WORK TASK:
Your answer must be the exact lines from the one holding "1. Входное напряжение" through the end of the entries, with no pictures.

Dataset records:
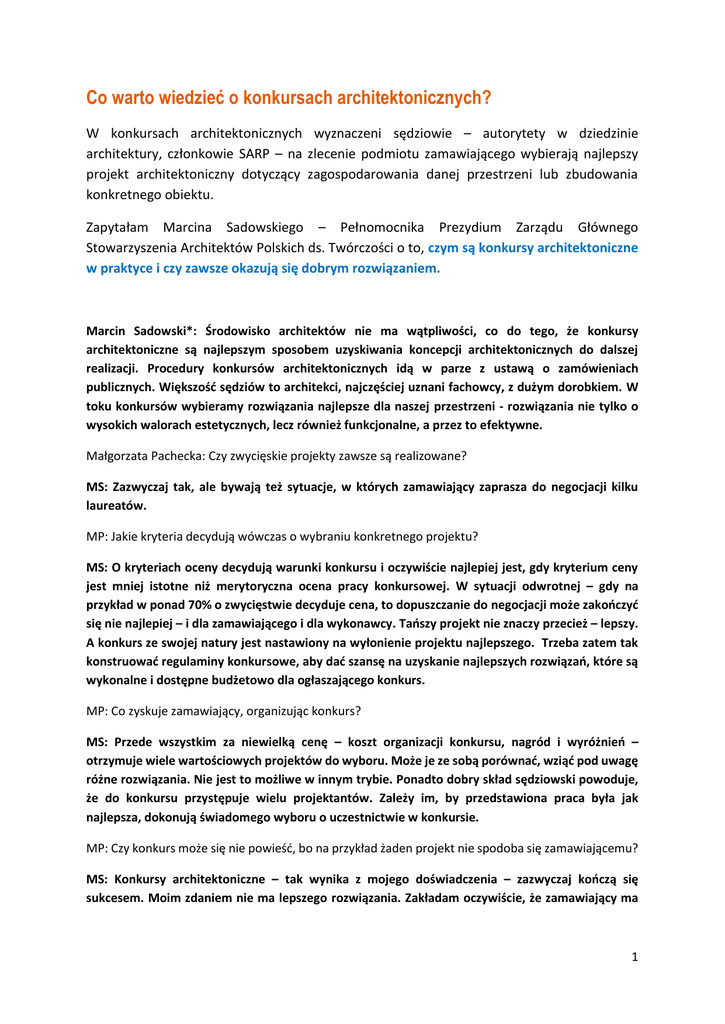 Co warto wiedzieć o konkursach architektonicznych? W konkursach architektonicznych wyznaczeni sędziowie – autorytety w dziedzinie architektury, członkowie SARP – na zlecenie podmiotu zamawiającego wybierają najlepszy projekt architektoniczny dotyczący zagospodarowania danej przestrzeni lub zbudowania konkretnego obiektu. Zapytałam Marcina Sadowskiego – Pełnomocnika Prezydium Zarządu Głównego Stowarzyszenia Architektów Polskich ds. Twórczości o to, czym są konkursy architektoniczne w praktyce i czy zawsze okazują się dobrym rozwiązaniem. Marcin Sadowski*: Środowisko architektów nie ma wątpliwości, co do tego, że konkursy architektoniczne są najlepszym sposobem uzyskiwania koncepcji architektonicznych do dalszej realizacji. Procedury konkursów architektonicznych idą w parze z ustawą o zamówieniach publicznych. Większość sędziów to architekci, najczęściej uznani fachowcy, z dużym dorobkiem. W toku konkursów wybieramy rozwiązania najlepsze dla naszej przestrzeni - rozwiązania nie tylko o wysokich walorach estetycznych, lecz również funkcjonalne, a przez to efektywne. Małgorzata Pachecka: Czy zwycięskie projekty zawsze są realizowane? MS: Zazwyczaj tak, ale bywają też sytuacje, w których zamawiający zaprasza do negocjacji kilku laureatów. MP: Jakie kryteria decydują wówczas o wybraniu konkretnego projektu? MS: O kryteriach oceny decydują warunki konkursu i oczywiście najlepiej jest, gdy kryterium ceny jest mniej istotne niż merytoryczna ocena pracy konkursowej. W sytuacji odwrotnej – gdy na przykład w ponad 70% o zwycięstwie decyduje cena, to dopuszczanie do negocjacji może zakończyć się nie najlepiej – i dla zamawiającego i dla wykonawcy. Tańszy projekt nie znaczy przecież – lepszy. A konkurs ze swojej natury jest nastawiony na wyłonienie projektu najlepszego. Trzeba zatem tak konstruować regulaminy konkursowe, aby dać szansę na uzyskanie najlepszych rozwiązań, które są wykonalne i dostępne budżetowo dla ogłaszającego konkurs. MP: Co zyskuje zamawiający, organizując konkurs? MS: Przede wszystkim za niewielką cenę – koszt organizacji konkursu, nagród i wyróżnień – otrzymuje wiele wartościowych projektów do wyboru. Może je ze sobą porównać, wziąć pod uwagę różne rozwiązania. Nie jest to możliwe w innym trybie. Ponadto dobry skład sędziowski powoduje, że do konkursu przystępuje wielu projektantów. Zależy im, by przedstawiona praca była jak najlepsza, dokonują świadomego wyboru o uczestnictwie w konkursie. MP: Czy konkurs może się nie powieść, bo na przykład żaden projekt nie spodoba się zamawiającemu? MS: Konkursy architektoniczne – tak wynika z mojego doświadczenia – zazwyczaj kończą się sukcesem. Moim zdaniem nie ma lepszego rozwiązania. Zakładam oczywiście, że zamawiający ma 1 dobrą wolę, że nie chodzi o działania pozorne, lecz o to, aby przestrzeń publiczna była przyjazna, a przyjęte do realizacji projekty były efektywne w użytkowaniu i technicznej eksploatacji. MP: Czy organizacja konkursu nie przedłuża w nieskończoność procedury i nie odwleka budowy budynku? MS: Projekty, które powstają w krótkim czasie to projekty w dużej mierze złe. Pośpiech sprzyja błędom. Nasze działania winny być przede wszystkim racjonalne i rozsądne. Pamiętajmy, że mówimy o budowlach, które będą służyły nam kilkadziesiąt lat lub dłużej. Przesunięcie realizacji o kilka czy kilkanaście miesięcy może więc oznaczać, że projekt będzie po prostu lepszy, a budynek bardziej funkcjonalny. A to jest przecież najważniejsze. MP: A co z sytuacją, gdy budżet jest mocno ograniczony, gdy trzeba zamknąć go do końca roku itp., jak ma to miejsce w przypadku urzędów gmin czy instytucji państwowych? MS: Sam koszt postawienia budynku to nie wszystko. Potrzebny jest szacunek kosztów eksploatacji. Gminy, dzielnice błyskawicznie podejmują decyzję o realizacji projektu z wolnej ręki, a potem nie wiedzą, jak dany obiekt utrzymać. Stawiają na przykład trzy boiska („bo trzeba było wydać pieniądze”), które potem obciążają w nieuzasadniony sposób budżet samorządu. Inna sprawa, że przystępując do wykonania pracy, mamy wiedzę jedynie o szacunkowym budżecie inwestycji – często nierealistycznym. Bo niska cena- za projekt, budowę jest najczęściej stosowanym kryterium. Tanio chcemy zbudować coś, co ma nam wspólnie służyć przez lata. Oszczędzamy na przygotowaniu inwestycji, projektowaniu i wykonawstwie. W rzeczywistości przynosi to odwrotny skutek. Przykładowo niedostateczne przygotowanie danych wyjściowych powoduje, że dostajemy nieaktualne mapy, złe inwentaryzacje, lub w ogóle nie dostajemy informacji np. na temat warunków gruntowych. W trakcie realizacji mierzymy się z nowymi problemami. To wszystko wydłuża czas projektowania i budowy, może znacznie zwiększyć koszty. MP: To znaczy, że lepiej zainwestować w porządne przygotowanie projektu, więcej wydać na początku? MS: Oczywiście. Solidne przygotowanie danych wyjściowych jest krytyczne. Im lepiej przygotowany konkurs, tym lepszy efekt końcowy. W tym przypadku oszczędzanie – zarówno czasu, jak i pieniędzy – niekoniecznie się opłaca. Samorządowcy często uważają, że organizacja konkursu to zbytek, bo i tak „każdy ma inny gust”. Tymczasem to nie tylko kwestia gustu, ale także – a może przede wszystkim – sposób szukania rozwiązań funkcjonalnych i efektywnych.. Te wstępne koszty można porównać do wykupienia polisy ubezpieczeniowej. Nie żałujemy pieniędzy, wydając na ubezpieczenie wartościowej rzeczy np. samochodu, na wszelki wypadek, gdyby coś się kiedyś miało zdarzyć. W przypadku projektu architektonicznego, jest podobnie z tą różnicą, iż z góry wiemy, że „coś się zdarzy” bo mamy przecież wybudować daną budowle. MP: Tymczasem mam wrażenie, że w Polsce nie szanujemy wspólnej przestrzeni. Im 
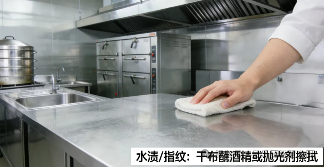 🔸 水渍/指纹:用干布蘸取少量酒精或不锈钢抛光剂轻轻擦拭,即可恢复光亮,日常也可在清洁后薄涂一层食用油(用软布蘸取少量擦拭均匀),减少指纹和水渍附着。
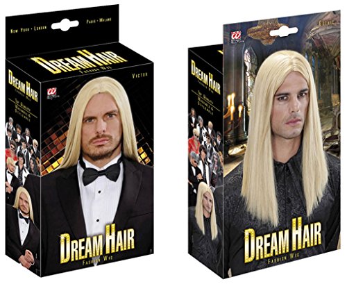 Férfi jelmezkiegészítő: szőke színű paróka, hosszú, egyenes, középen elválasztott hajjal. Egységes felnőtt méret. Csak jelmezkiegészítő, tehát a képen látható jelmezt, és többi kiegészítőt nem tartalmazza. Dobozos csomagolásban. Elegáns, ápolt hosszú hajú férfi paróka, mely többféle jelmez kiváló kiegészítője lehet. Jelmezt, és kiegészítőket válasszon áruházunk széles jelmez-és kosztümválasztékából.
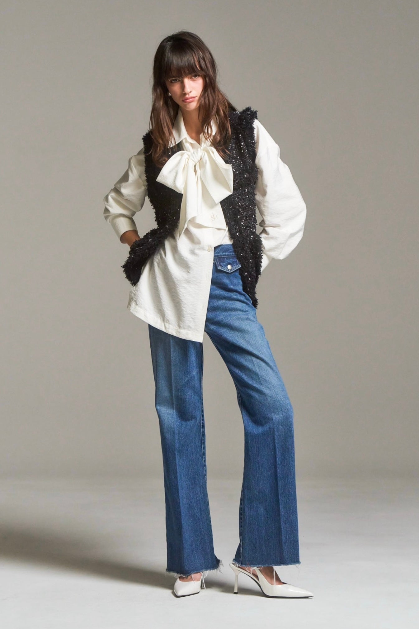 flower spangle tweed gilet
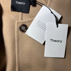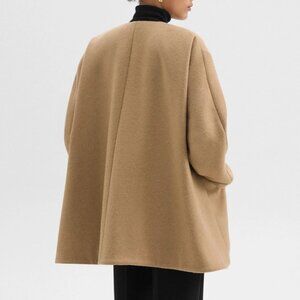 New with tags Theory “Crew Cape DF” coat in camel. Chic minimalist silhouette with a clean crew neckline and cape-style, relaxed drape easy to layer over knits and blazers. Button front with slip pockets and an effortless, modern fit that works dressed up or casual.
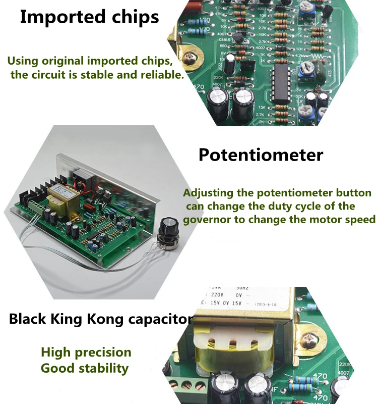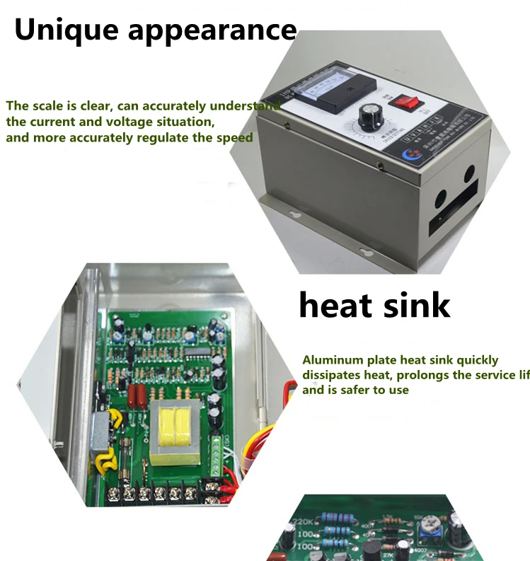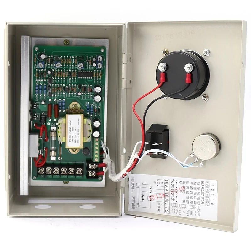 1. Входное напряжение ac220в, а выходное напряжение DC220V.2. Подходит для двигателя с мощностью не более 750 Вт.3. Регулировка ручки потенциометра может изменить выходное соотношение точки воздуха для регулирования скорости двигателя.
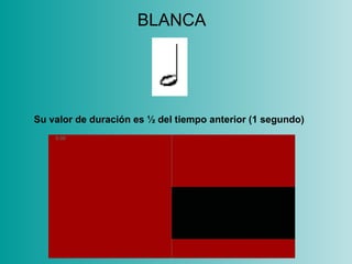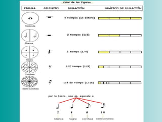 El documento describe las figuras musicales comunes y sus valores de duración relativos a una redonda de 2 segundos. Explica que la redonda dura 2 segundos, la blanca 1 segundo, la negra 0.5 segundos, la corchea 0.25 segundos y la semicorchea 0.13 segundos. También indica que existe un silencio equivalente para cada figura musical.

EXPECTED ANSWER:
 1. Входное напряжение ac220в, а выходное напряжение DC220V.2. Подходит для двигателя с мощностью не более 750 Вт.3. Регулировка ручки потенциометра может изменить выходное соотношение точки воздуха для регулирования скорости двигателя.
 El documento describe las figuras musicales comunes y sus valores de duración relativos a una redonda de 2 segundos. Explica que la redonda dura 2 segundos, la blanca 1 segundo, la negra 0.5 segundos, la corchea 0.25 segundos y la semicorchea 0.13 segundos. También indica que existe un silencio equivalente para cada figura musical.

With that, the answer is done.